Data provided:
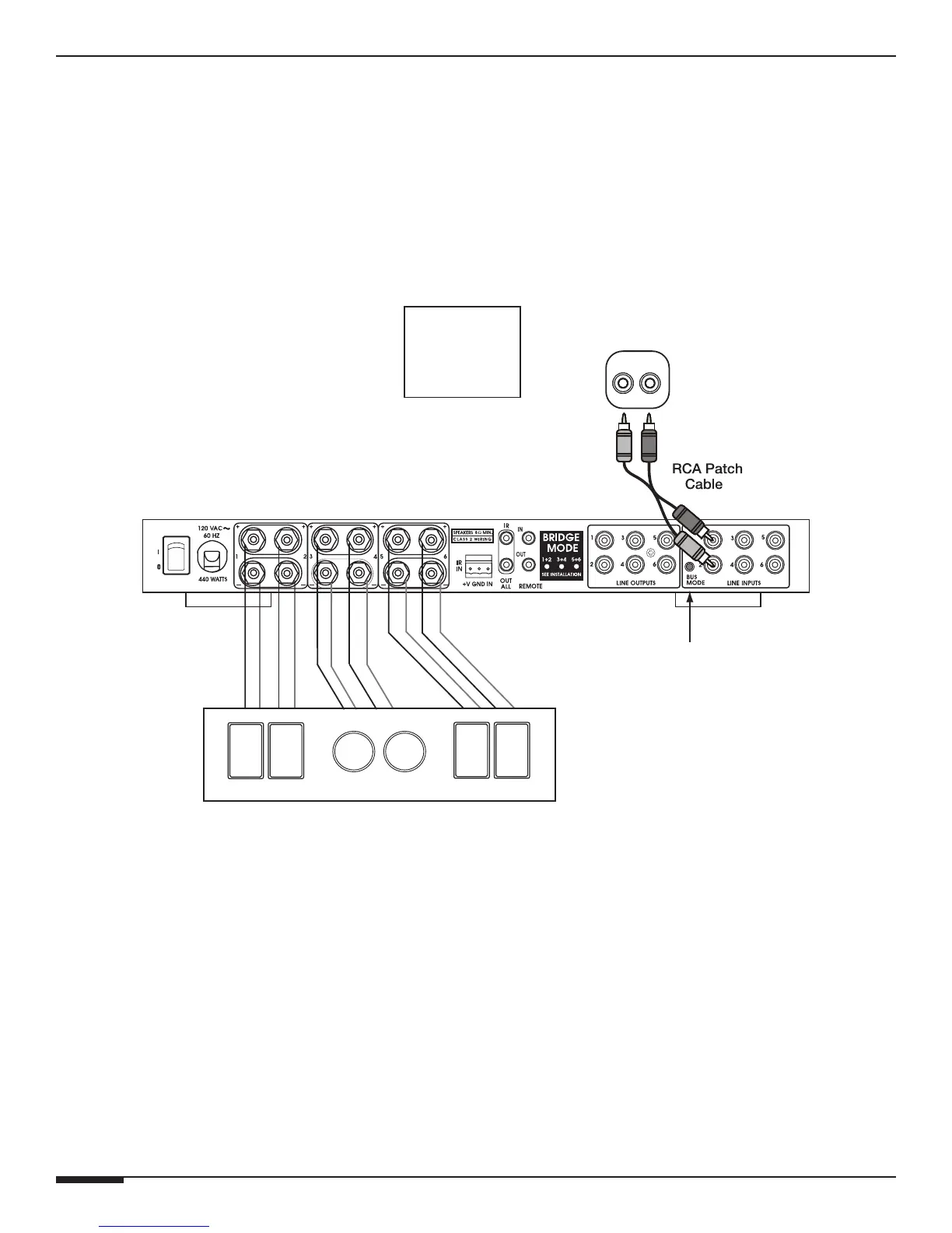 The A6 is designed to easily handle a Great Room application without any special setup procedures. In the example
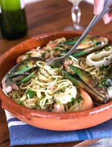 | Easy White Wine Marinara - Cafe Delites garlic flavored oil, pepper, parsley, lemon, onion, garlic, mussel, prawn, salmon, salt, pasta, white wine Easy White Wine Marinara - Cafe Delites In a large saucepan, fry onion and garlic in the oil Add mussels, salmon and calamari and cook for roughly 3 minutes. Add prawns and stir everything together,...
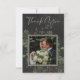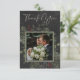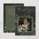 Introducing our enchanting winter wedding photo thank you card, where timeless elegance meets the beauty of the season. The rich charcoal black background, softly distressed with white accents, sets a captivating tone for your special day. In the dark sage green text area, your wedding details stand out, surrounded by a delicate cream frame that adds a touch of refinement. Embrace the spirit of winter with a breathtaking frame of lush greenery, featuring holly adorned with rich red berries, mistletoe with its delicate white berries, and the timeless allure of green pine. Created by Simply Farmhouse Press.
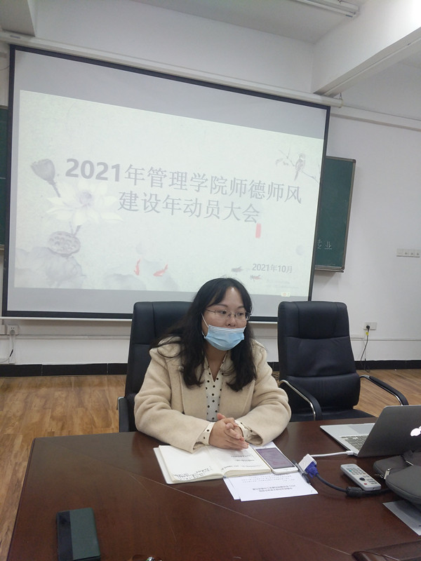 为了进一步贯彻落实湖南省“师德师风建设年”推进方案和学院师德师风建设2021年实施方案,大力弘扬高尚师德师风,全面提升教育教学质量。10月21日下午,我院全体教师在1204会议室召开管理学院2021年师德师风建设年再动员大会。
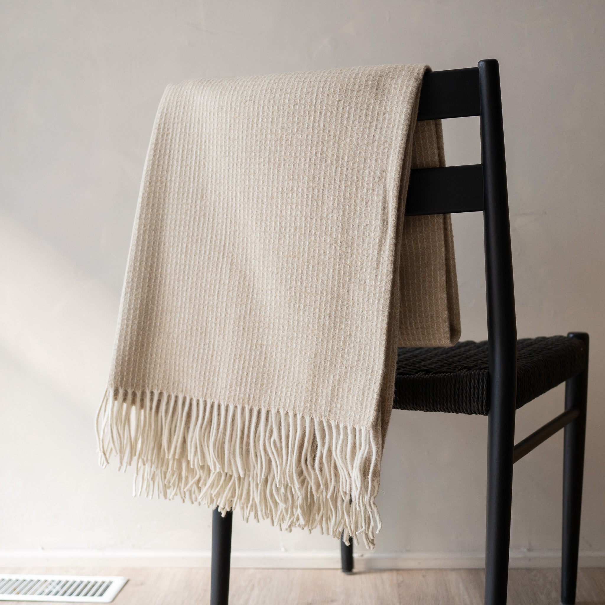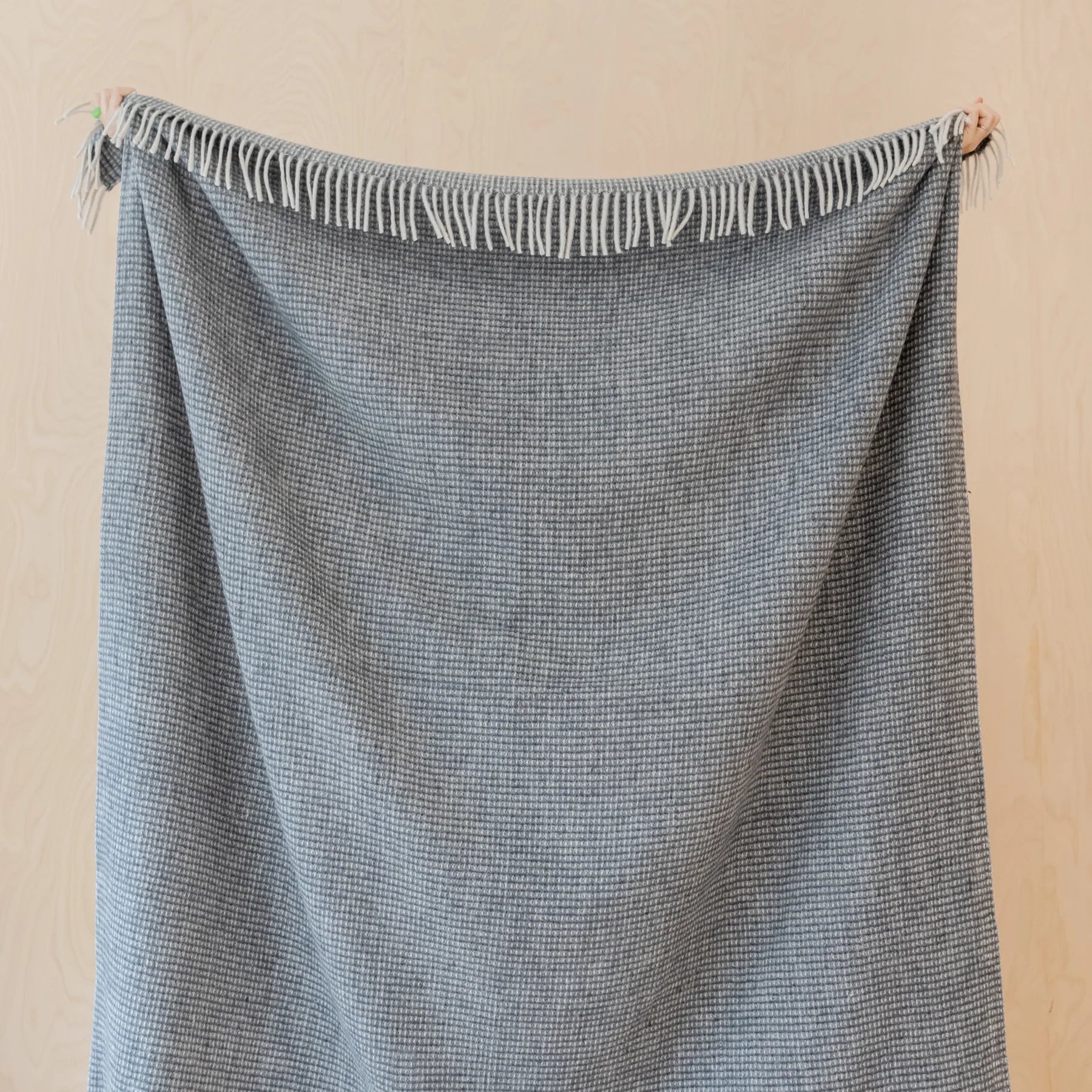 Woven from 70% Recycled Wool, 30% Mixed Recycled Fibres. Recycling wool can be a challenge as the fibres can be too short to respin. Our solution is to blend recycled wool with longer mixed fibres saved from landfill to create a soft and durable yarn, which is woven in a dense twill weave and brushed for texture. All the benefits of wool, in a sustainable blanket!

Your goal:
Pictures are not part of the copy. Return every record exactly.

Output of the exercise:
 The A6 is designed to easily handle a Great Room application without any special setup procedures. In the example
 | Easy White Wine Marinara - Cafe Delites garlic flavored oil, pepper, parsley, lemon, onion, garlic, mussel, prawn, salmon, salt, pasta, white wine Easy White Wine Marinara - Cafe Delites In a large saucepan, fry onion and garlic in the oil Add mussels, salmon and calamari and cook for roughly 3 minutes. Add prawns and stir everything together,...
 Introducing our enchanting winter wedding photo thank you card, where timeless elegance meets the beauty of the season. The rich charcoal black background, softly distressed with white accents, sets a captivating tone for your special day. In the dark sage green text area, your wedding details stand out, surrounded by a delicate cream frame that adds a touch of refinement. Embrace the spirit of winter with a breathtaking frame of lush greenery, featuring holly adorned with rich red berries, mistletoe with its delicate white berries, and the timeless allure of green pine. Created by Simply Farmhouse Press.
 为了进一步贯彻落实湖南省“师德师风建设年”推进方案和学院师德师风建设2021年实施方案,大力弘扬高尚师德师风,全面提升教育教学质量。10月21日下午,我院全体教师在1204会议室召开管理学院2021年师德师风建设年再动员大会。
 Woven from 70% Recycled Wool, 30% Mixed Recycled Fibres. Recycling wool can be a challenge as the fibres can be too short to respin. Our solution is to blend recycled wool with longer mixed fibres saved from landfill to create a soft and durable yarn, which is woven in a dense twill weave and brushed for texture. All the benefits of wool, in a sustainable blanket!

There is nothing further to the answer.